For the last several months I’ve been working on a manuscript to be included in an edited volume tentatively called Plant Gravitropism: Methods and Protocols. It is part of a series called Methods in Molecular Biology, published by Springer.
My contribution focuses on ROTATO, the image analysis and feedback system we use routinely in my lab to measure root gravity responses. The objective of the series is to allow “a competent scientist who is unfamiliar with the method to carry out the technique successfully at the first attempt,” which seems pretty unlikely to me. I can’t think of a single experiment that I’ve every carried out successfully on the first try, but that’s another matter.
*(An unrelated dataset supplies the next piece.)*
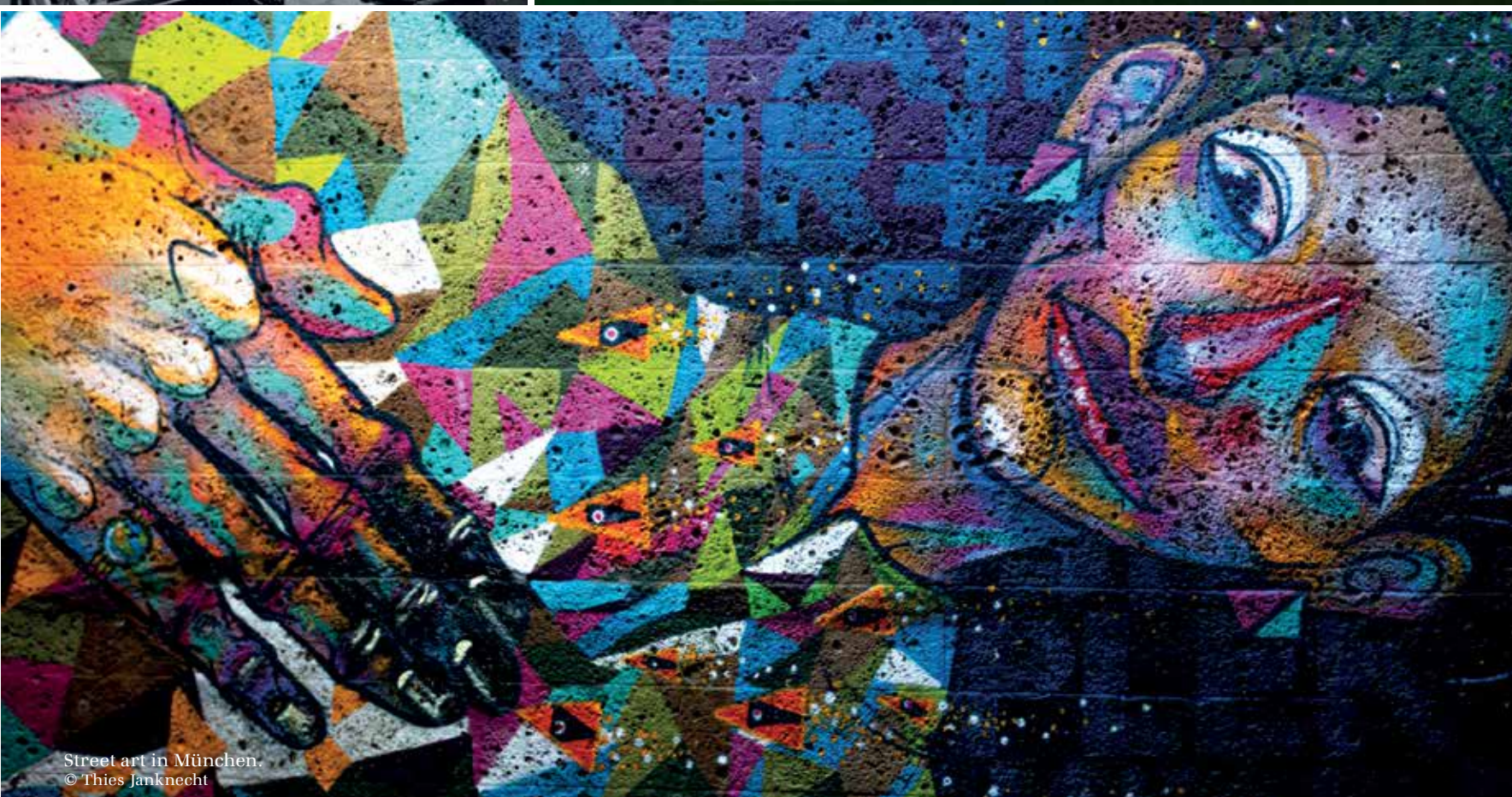
Street art in München.

I’ve been surprised by how hard it’s been to write this, so I thought I’d do some thinking out loud to try to gain a little insight into my struggle.
I think some of my struggle has come from being too close to the method to see it with “beginner’s eyes.” I’ve been working with ROTATO since it was a pile of parts stripped from IBM PCs (we used the computer power supply for 5 V DC and the stepper motor from the floppy drive). I watched over my friend Jack’s shoulder as he wrote the software to make it work. I know the ins and outs of how it works and what makes for a good experiment. Through the years I’ve had a tough time teaching my students how to get good data with it, and I think that’s in part due to the hidden assumptions I make about it. Dragging those assumptions out into the light has been an ongoing process, and writing this paper has been helpful.
Another aspect of the struggle is with how to handle the software part of the method. I am not releasing the code (it’s not mine), and even if I could it wouldn’t do much good because of its dependence on an obsolete frame grabber card. So I’m trying to include enough detail about how it works to allow a scientist/programmer to reimplement the method. But I’m a biologist, not an engineer, so I’m struggling with how much to say and how to say it. I think this is the heart of the issue, that I’m trying to bridge the worlds of biology and engineering.
This is, in fact, what ROTATO is about, and what makes it so important. It takes pictures of a biological response and uses them to control the position of the organ doing the response. It is clever, naive in certain ways, clunky, finicky, crashy, and it works. It has allowed us to learn new things about how roots respond to gravity. So that’s what I’m trying to convey in this methods paper, how to make a ROTATO that works well enough to learn new things, of which there are plenty, I am sure.